The Colorado Foundation for Universal Health Care gave FULL SUPPORT to bills that advance universal health care: That means actively promoting the legislation on our website and social media, mobilizing our supporters, providing testimony at committee hearings, sending letters to the editor, and whatever else we can do to move legislation forward.
The Foundation’s leadership teams also chose which bills to oppose, monitor, and support.
The Foundation gave limited SUPPORT to legislation that in some way improves aspects of the existing health care system. These are the bills that we:
Fully Supported: The Health Care Cost Analysis Act of 2018 would have vetted various proposals for universal health care. Rep. Edie Hooten was to introduce it in the House, but was not given late bill permission to do so.
Fully Supported: Rep. Joe Salazar’s HB18-1179 to Prohibit Price Gouging On Prescription Drugs would have allowed the Attorney General to roll back unconscionable increases in drug prices of off-patent and generic drugs, putting a stop to this illegal and deceptive trade practice in Colorado.

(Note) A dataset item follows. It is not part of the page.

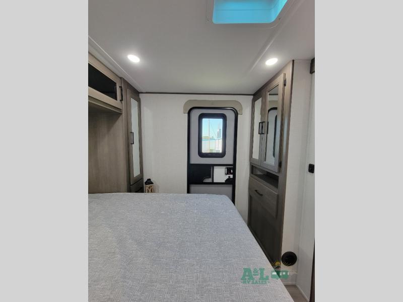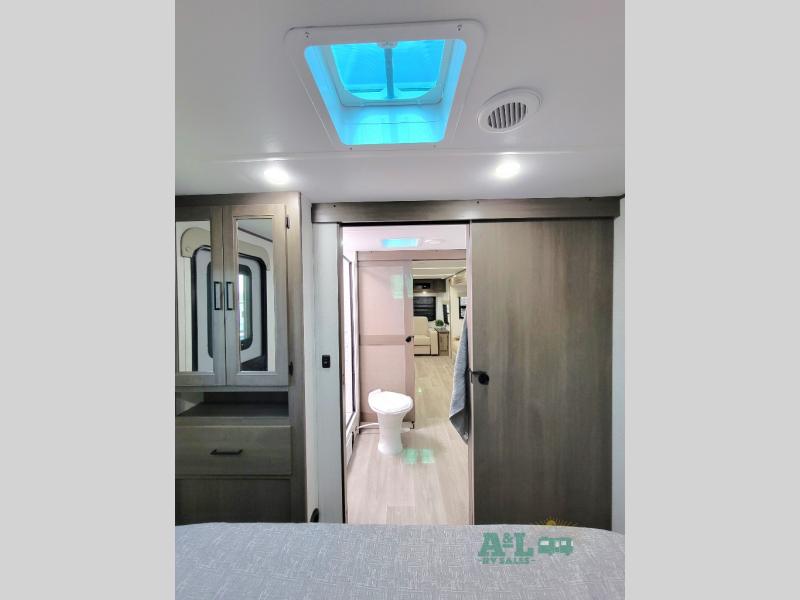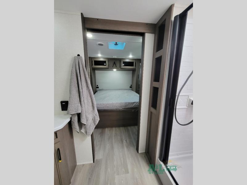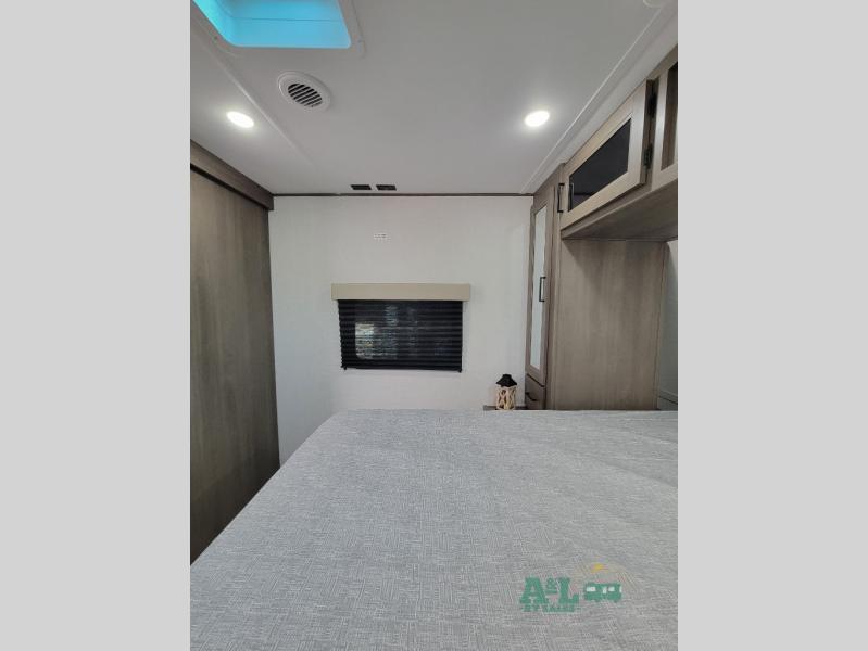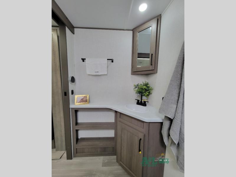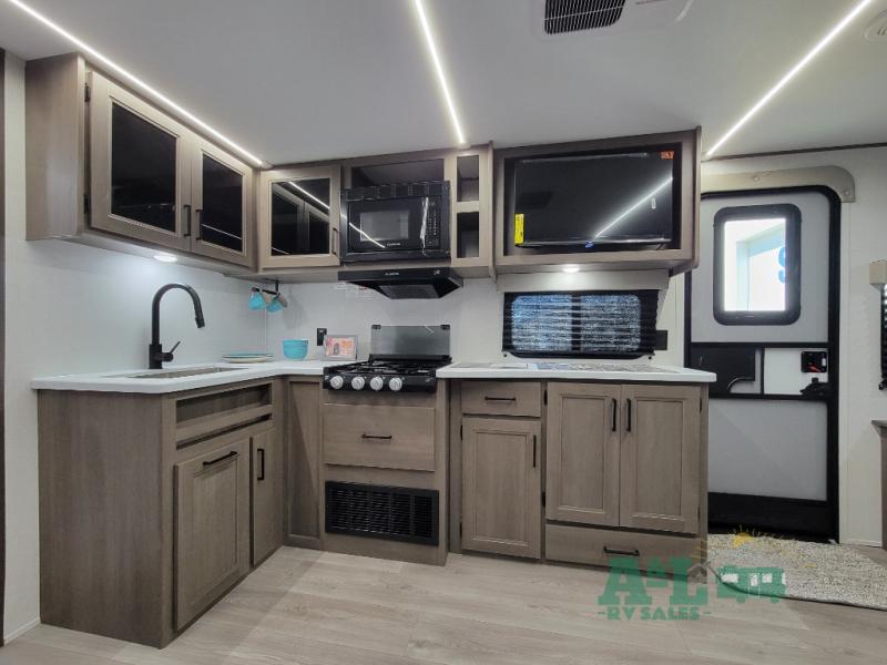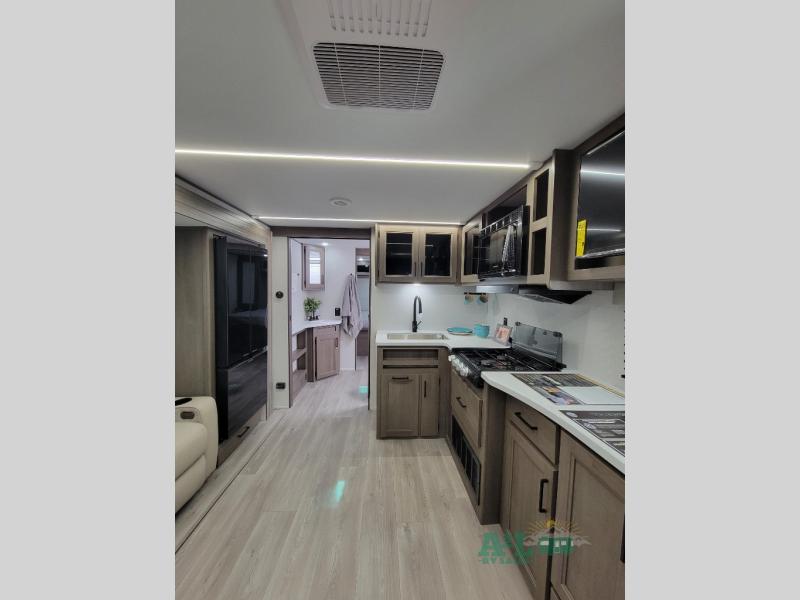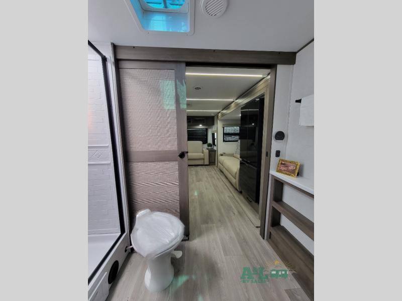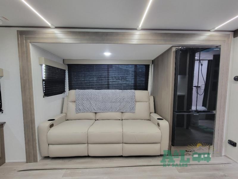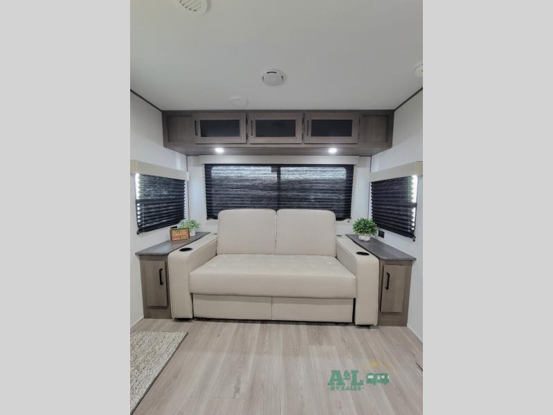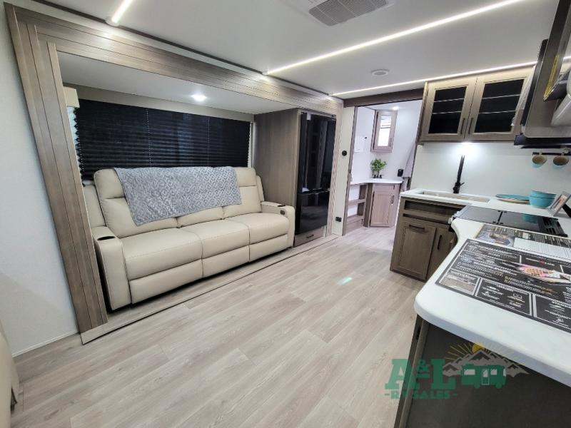 the amount of interior space you have in the living area thanks to the U-shaped dinette slide, which can be switched out for optional theater seats. The rear 70" sleeper sofa will be perfect for guests to sleep on, and the 32" TV lets you enjoy movie nights. There is a three burner range and convection microwave/combo air fryer to cook meals inside, or you can cook on the exterior griddle with a 1.7 cu. ft. refrigerator. And the 17' power awning will provide much wanted shade as you visit with friends. Back inside, the walk-thru bath is both spacious and convenient since it can be accessed from the main living area and the front master bedroom. Here, you'll find a queen bed, storage space, plus TV prep if you want to add a television. You even have your own exterior entry door for convenience!
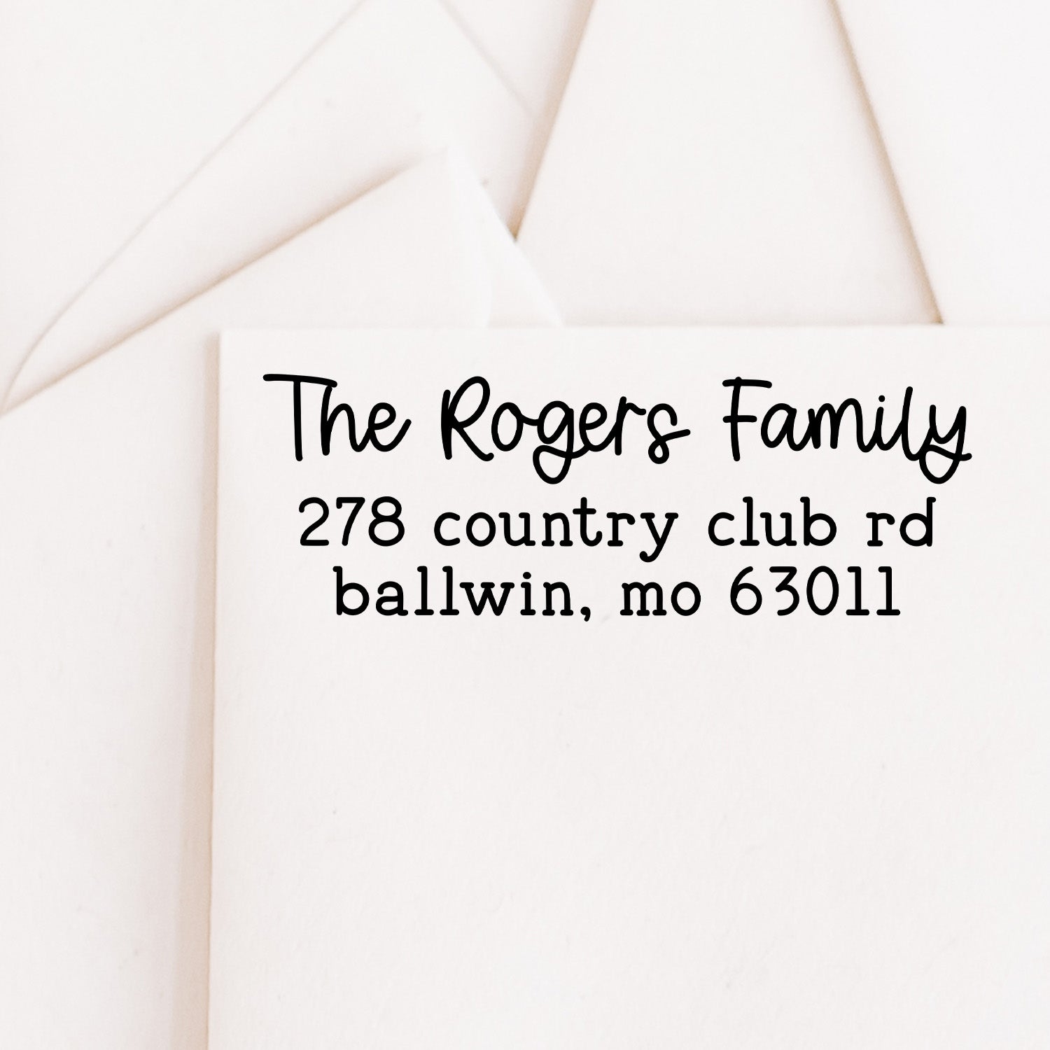 Easily add your return address with this uniquely designed stamp! Great for stamping on envelopes, postcards, and more.

Supported: HB18-1358 Health Care Transparency Bill. Rep. Susan Beckman (R) was the only vote for the bill in the Health, Insurance and Environment Committee. She and Mike Foote (D) co-sponsored the bill but Foote is not a committee member and therefore had no vote. Foote did, however, introduce the bill before the committee arguing that consumers and patients do not have a functional market because of the lack of transparency in pricing. His theory was that transparency will lead to a functional market and that other bills dealing with health care are piecemeal — unlike price transparency. Transparency will be a “comprehensive” solution to the $1,000 boxes of Kleenex charged by some hospitals.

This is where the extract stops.